### [WHAT THE TASK ASKS]
Reproduce the listing below exactly. Pictures do not belong in the copy.

___ PROVIDED MATERIAL

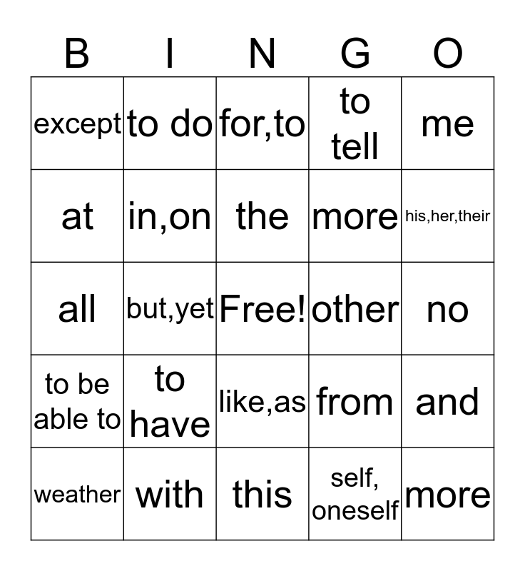 This bingo card has a free space and 24 words: to have, with, the, weather, me, except, at, to do, other, like,as, more, all, from, and, in,on, self, oneself, no, for,to, his,her,their, but,yet, more, to be able to, to tell and this.
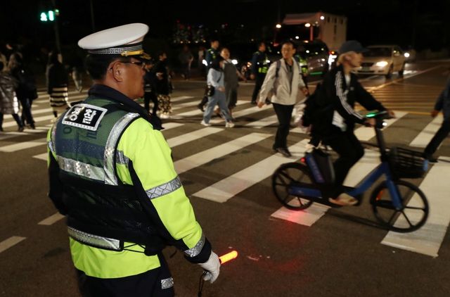 2024 서울세계불꽃축제가 끝난 후 서울 여의도에서 경찰이 시민들의 귀가를 돕고 있다. / 뉴스1
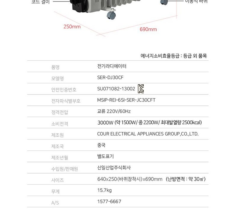 | 품명 및 모델명 | 라디에이터 SER-DJ30CF | KC 인증정보 | SU071082-10004 |
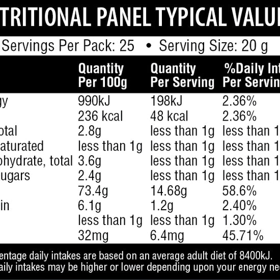 The correct serving size is 20g/2 scoops 1-2 times a day on an empty stomach.

______

### [RESULT]
 This bingo card has a free space and 24 words: to have, with, the, weather, me, except, at, to do, other, like,as, more, all, from, and, in,on, self, oneself, no, for,to, his,her,their, but,yet, more, to be able to, to tell and this.
 2024 서울세계불꽃축제가 끝난 후 서울 여의도에서 경찰이 시민들의 귀가를 돕고 있다. / 뉴스1
 | 품명 및 모델명 | 라디에이터 SER-DJ30CF | KC 인증정보 | SU071082-10004 |
 The correct serving size is 20g/2 scoops 1-2 times a day on an empty stomach.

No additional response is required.